_TO DO:_ From the line containing "e - 預估值。排名依據為本年度累計粗鋼產量。" to the line containing "Chăm sóc sức" in the records below, set down every line exactly as it stands, both ends included, and skip the pictures.

_AVAILABLE DATA:_

——————

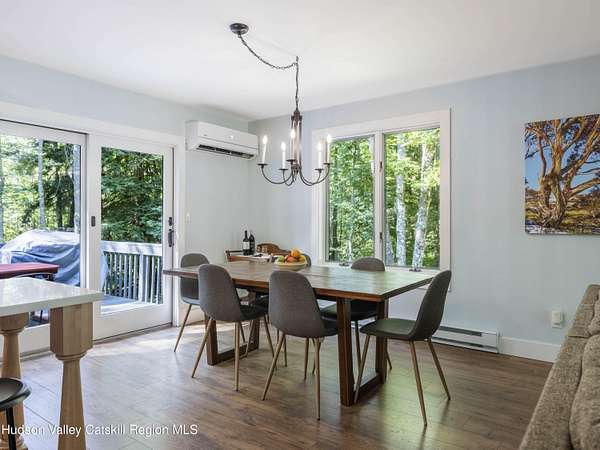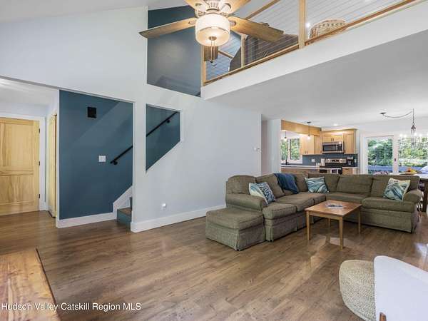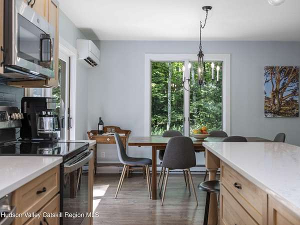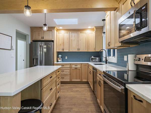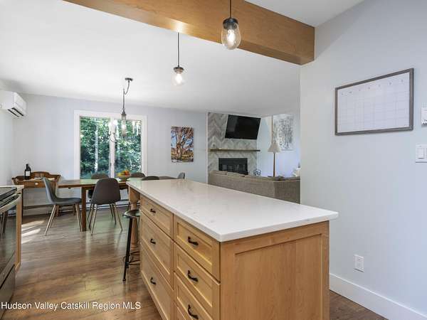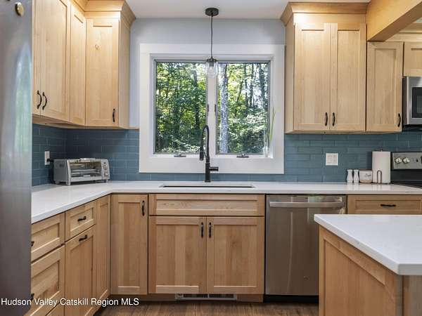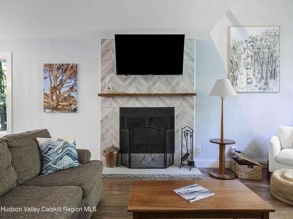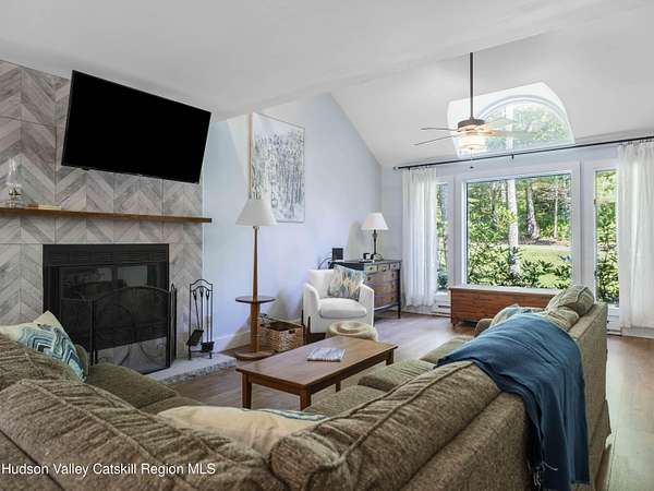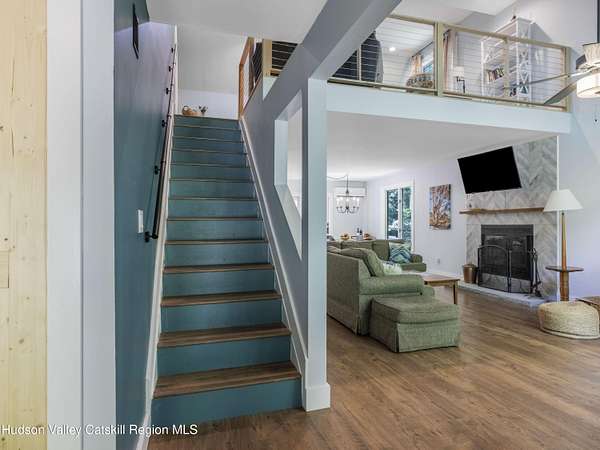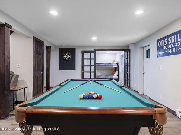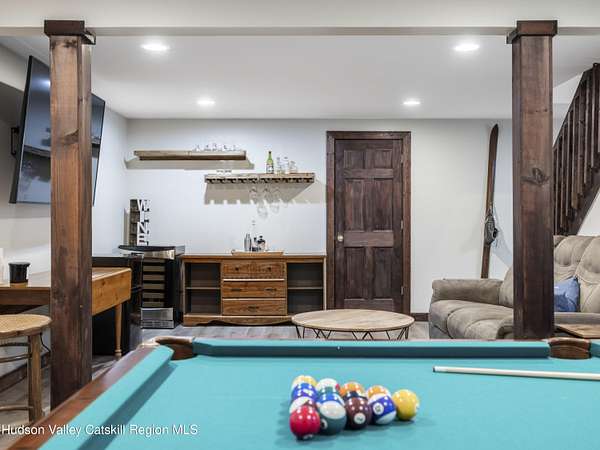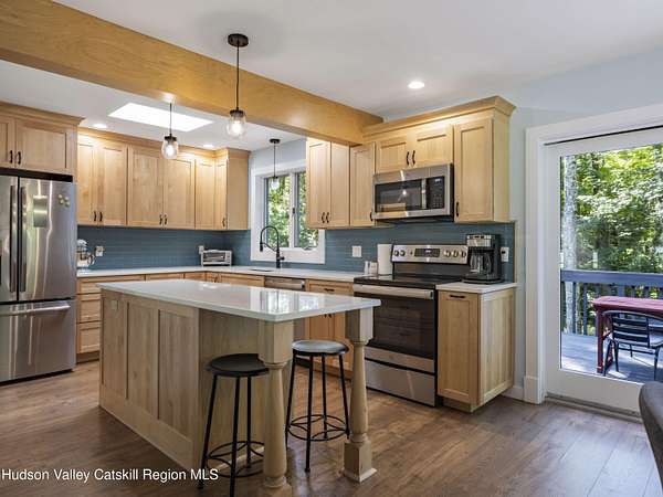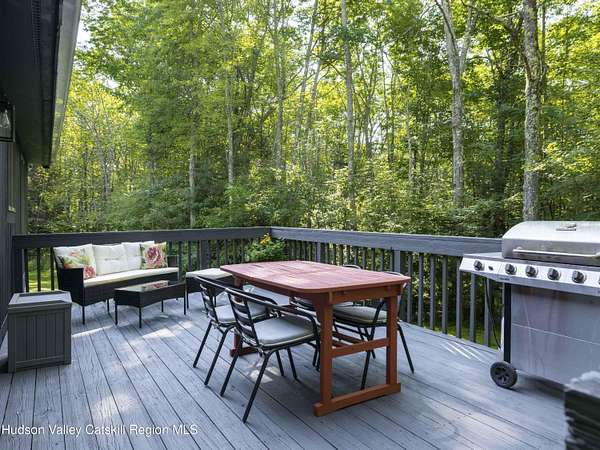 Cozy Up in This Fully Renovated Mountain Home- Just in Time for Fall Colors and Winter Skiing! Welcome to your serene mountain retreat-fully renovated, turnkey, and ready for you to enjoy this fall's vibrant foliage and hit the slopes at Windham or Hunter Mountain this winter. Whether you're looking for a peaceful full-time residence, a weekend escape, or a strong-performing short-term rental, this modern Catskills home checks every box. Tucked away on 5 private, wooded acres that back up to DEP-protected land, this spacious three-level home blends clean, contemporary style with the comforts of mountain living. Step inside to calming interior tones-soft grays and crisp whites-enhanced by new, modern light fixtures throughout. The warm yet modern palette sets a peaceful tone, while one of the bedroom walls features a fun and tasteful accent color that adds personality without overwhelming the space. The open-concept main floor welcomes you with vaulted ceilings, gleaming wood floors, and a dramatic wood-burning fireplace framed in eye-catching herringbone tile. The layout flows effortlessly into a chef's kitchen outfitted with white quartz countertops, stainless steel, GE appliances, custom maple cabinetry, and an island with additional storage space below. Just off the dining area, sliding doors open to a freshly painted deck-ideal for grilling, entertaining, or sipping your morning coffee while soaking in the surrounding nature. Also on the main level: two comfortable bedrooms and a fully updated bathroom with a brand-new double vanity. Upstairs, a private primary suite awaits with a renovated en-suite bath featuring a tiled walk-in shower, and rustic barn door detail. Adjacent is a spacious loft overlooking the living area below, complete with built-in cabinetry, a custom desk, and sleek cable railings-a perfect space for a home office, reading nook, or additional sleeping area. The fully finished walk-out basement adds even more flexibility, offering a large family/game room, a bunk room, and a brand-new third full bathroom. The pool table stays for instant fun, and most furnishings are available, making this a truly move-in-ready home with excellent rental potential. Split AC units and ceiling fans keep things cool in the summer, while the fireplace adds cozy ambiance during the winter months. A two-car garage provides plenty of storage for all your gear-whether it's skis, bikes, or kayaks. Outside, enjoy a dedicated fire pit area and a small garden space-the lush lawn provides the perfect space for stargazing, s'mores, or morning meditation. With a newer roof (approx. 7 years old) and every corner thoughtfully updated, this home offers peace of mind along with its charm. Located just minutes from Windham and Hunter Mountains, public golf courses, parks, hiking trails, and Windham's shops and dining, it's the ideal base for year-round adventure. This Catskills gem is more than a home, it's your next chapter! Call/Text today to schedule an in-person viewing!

——————

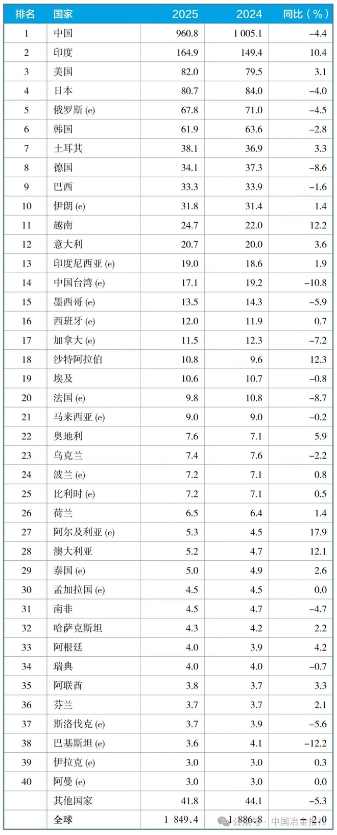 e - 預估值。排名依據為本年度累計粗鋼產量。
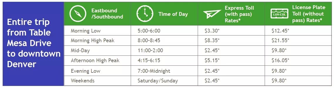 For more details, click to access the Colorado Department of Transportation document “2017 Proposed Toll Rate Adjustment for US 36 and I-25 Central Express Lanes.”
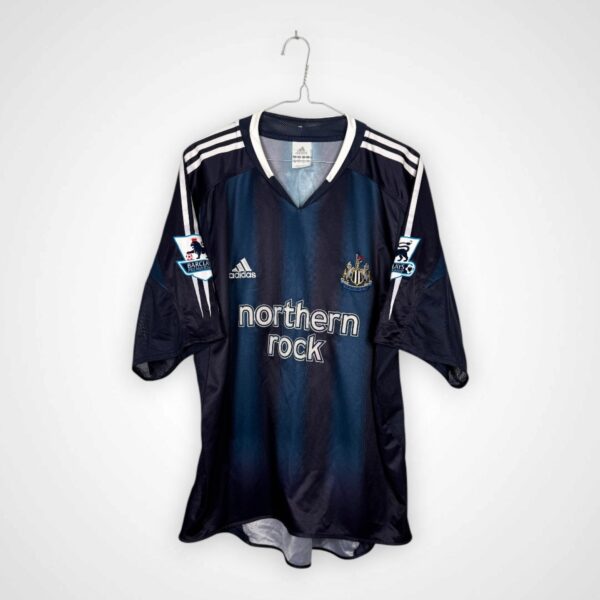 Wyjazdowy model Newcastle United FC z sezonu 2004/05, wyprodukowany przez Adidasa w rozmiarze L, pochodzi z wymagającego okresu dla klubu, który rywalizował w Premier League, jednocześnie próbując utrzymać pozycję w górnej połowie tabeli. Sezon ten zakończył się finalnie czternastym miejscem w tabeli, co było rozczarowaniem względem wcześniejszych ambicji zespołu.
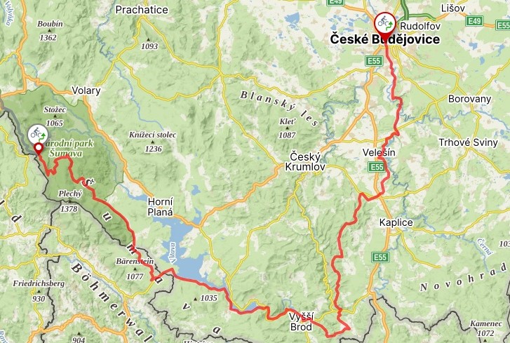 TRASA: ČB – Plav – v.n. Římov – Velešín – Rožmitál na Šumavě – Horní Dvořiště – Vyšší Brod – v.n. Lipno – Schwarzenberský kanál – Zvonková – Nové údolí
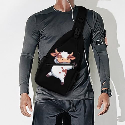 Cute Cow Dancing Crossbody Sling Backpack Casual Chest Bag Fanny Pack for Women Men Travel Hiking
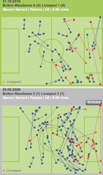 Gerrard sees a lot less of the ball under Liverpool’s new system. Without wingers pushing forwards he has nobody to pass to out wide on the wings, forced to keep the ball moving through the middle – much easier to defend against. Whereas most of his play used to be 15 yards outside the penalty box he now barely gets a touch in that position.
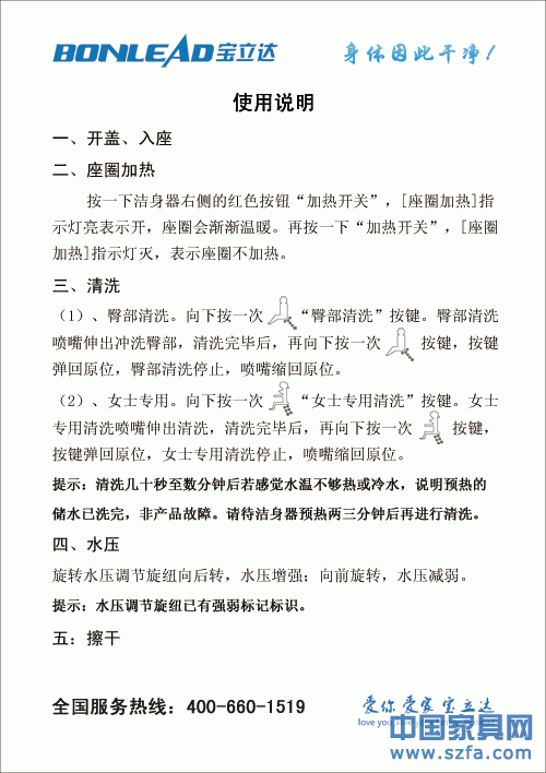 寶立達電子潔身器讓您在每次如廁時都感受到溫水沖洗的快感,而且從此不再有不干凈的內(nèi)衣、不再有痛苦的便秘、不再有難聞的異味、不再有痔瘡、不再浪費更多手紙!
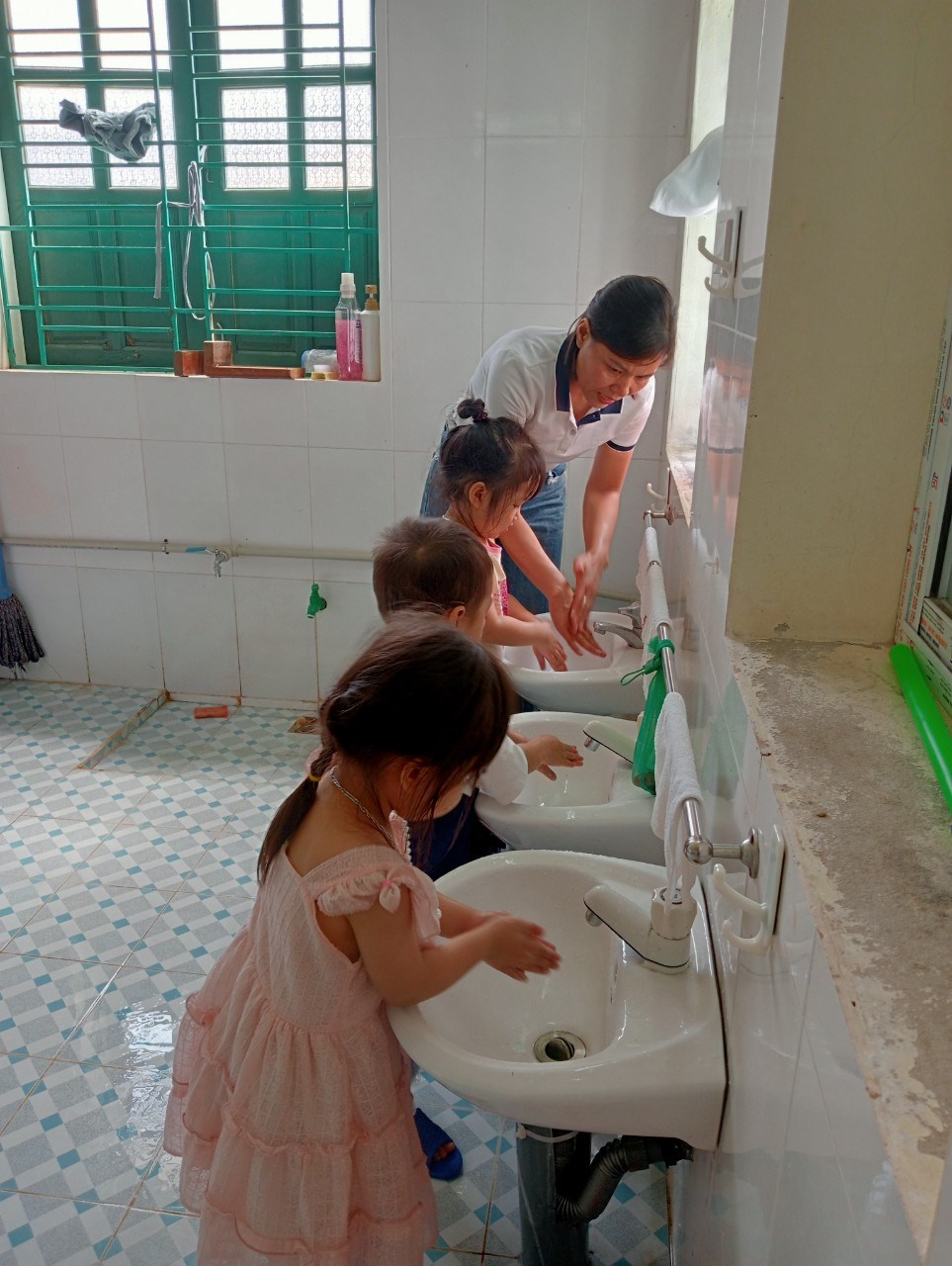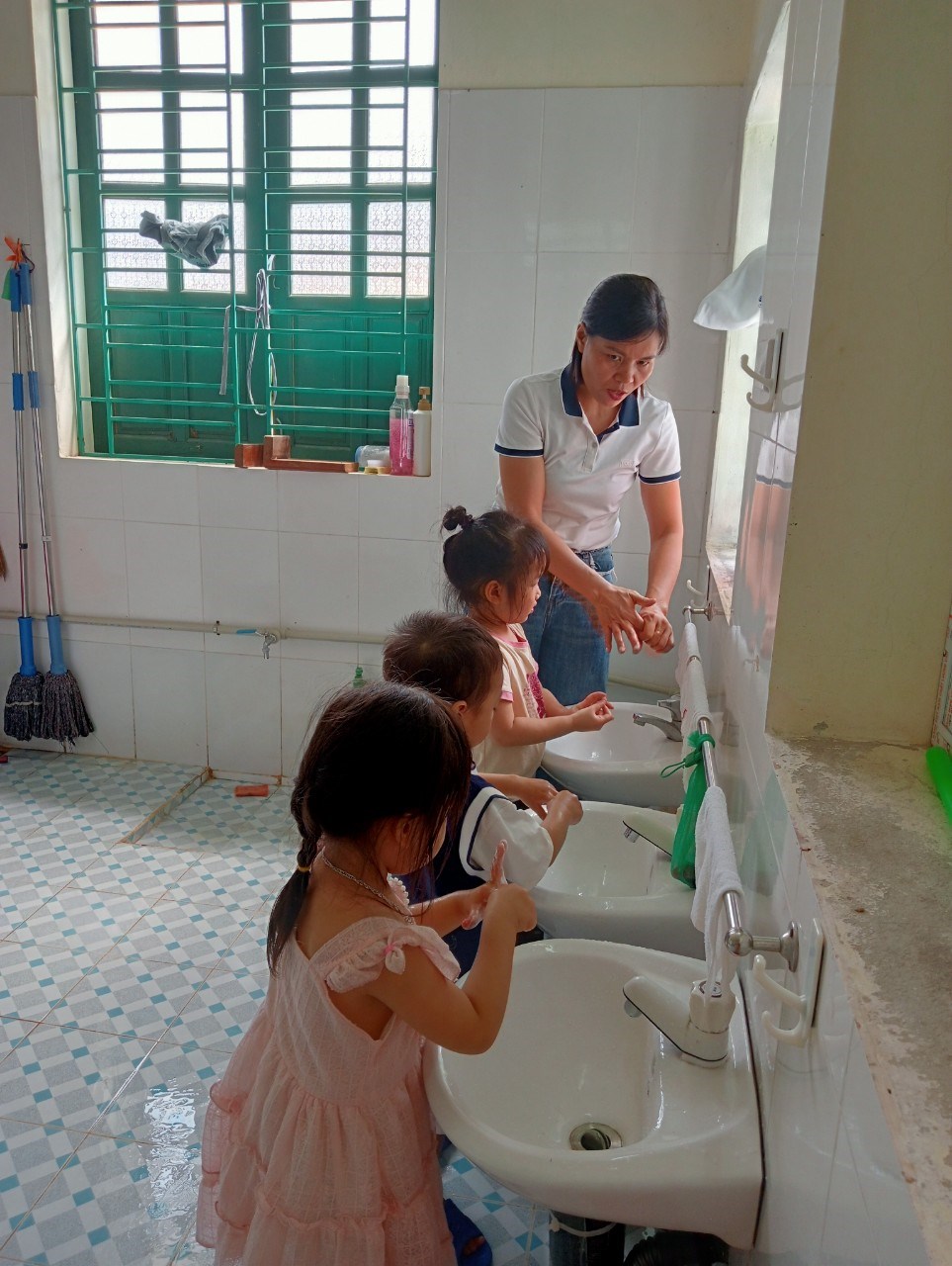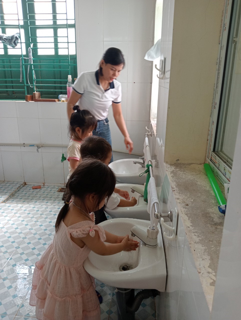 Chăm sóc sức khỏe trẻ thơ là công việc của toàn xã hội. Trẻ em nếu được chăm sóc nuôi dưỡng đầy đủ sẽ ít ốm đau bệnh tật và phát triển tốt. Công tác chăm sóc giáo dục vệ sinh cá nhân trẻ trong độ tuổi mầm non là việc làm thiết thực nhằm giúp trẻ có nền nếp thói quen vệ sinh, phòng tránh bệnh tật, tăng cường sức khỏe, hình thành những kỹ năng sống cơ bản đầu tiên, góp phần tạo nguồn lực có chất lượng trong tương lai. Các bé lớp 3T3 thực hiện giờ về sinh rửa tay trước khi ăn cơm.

——————

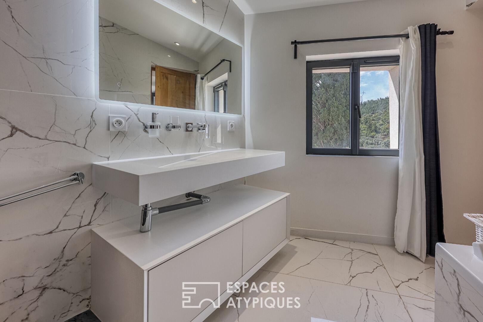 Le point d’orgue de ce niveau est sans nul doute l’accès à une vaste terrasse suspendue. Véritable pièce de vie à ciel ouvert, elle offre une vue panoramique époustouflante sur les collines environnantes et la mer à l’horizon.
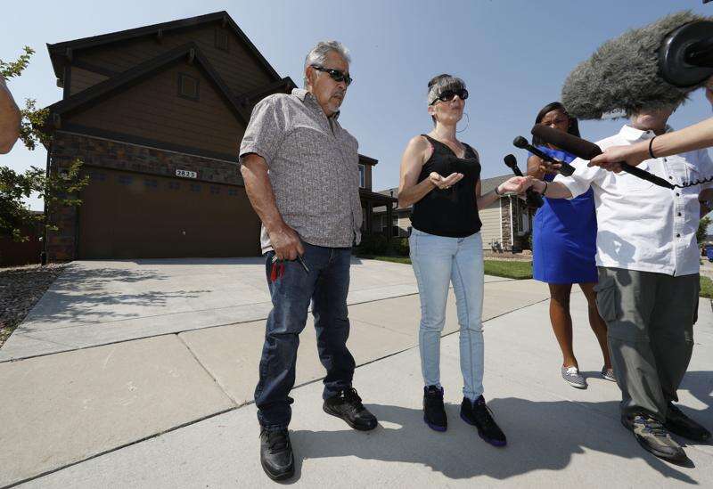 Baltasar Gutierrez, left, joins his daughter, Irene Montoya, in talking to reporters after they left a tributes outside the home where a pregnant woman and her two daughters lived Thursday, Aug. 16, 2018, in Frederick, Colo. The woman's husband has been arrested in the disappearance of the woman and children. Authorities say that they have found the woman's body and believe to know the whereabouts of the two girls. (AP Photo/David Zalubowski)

——————

_RESULT OF THIS EXERCISE:_
 e - 預估值。排名依據為本年度累計粗鋼產量。
 For more details, click to access the Colorado Department of Transportation document “2017 Proposed Toll Rate Adjustment for US 36 and I-25 Central Express Lanes.”
 Wyjazdowy model Newcastle United FC z sezonu 2004/05, wyprodukowany przez Adidasa w rozmiarze L, pochodzi z wymagającego okresu dla klubu, który rywalizował w Premier League, jednocześnie próbując utrzymać pozycję w górnej połowie tabeli. Sezon ten zakończył się finalnie czternastym miejscem w tabeli, co było rozczarowaniem względem wcześniejszych ambicji zespołu.
 TRASA: ČB – Plav – v.n. Římov – Velešín – Rožmitál na Šumavě – Horní Dvořiště – Vyšší Brod – v.n. Lipno – Schwarzenberský kanál – Zvonková – Nové údolí
 Cute Cow Dancing Crossbody Sling Backpack Casual Chest Bag Fanny Pack for Women Men Travel Hiking
 Gerrard sees a lot less of the ball under Liverpool’s new system. Without wingers pushing forwards he has nobody to pass to out wide on the wings, forced to keep the ball moving through the middle – much easier to defend against. Whereas most of his play used to be 15 yards outside the penalty box he now barely gets a touch in that position.
 寶立達電子潔身器讓您在每次如廁時都感受到溫水沖洗的快感,而且從此不再有不干凈的內(nèi)衣、不再有痛苦的便秘、不再有難聞的異味、不再有痔瘡、不再浪費更多手紙!
 Chăm sóc sức khỏe trẻ thơ là công việc của toàn xã hội. Trẻ em nếu được chăm sóc nuôi dưỡng đầy đủ sẽ ít ốm đau bệnh tật và phát triển tốt. Công tác chăm sóc giáo dục vệ sinh cá nhân trẻ trong độ tuổi mầm non là việc làm thiết thực nhằm giúp trẻ có nền nếp thói quen vệ sinh, phòng tránh bệnh tật, tăng cường sức khỏe, hình thành những kỹ năng sống cơ bản đầu tiên, góp phần tạo nguồn lực có chất lượng trong tương lai. Các bé lớp 3T3 thực hiện giờ về sinh rửa tay trước khi ăn cơm.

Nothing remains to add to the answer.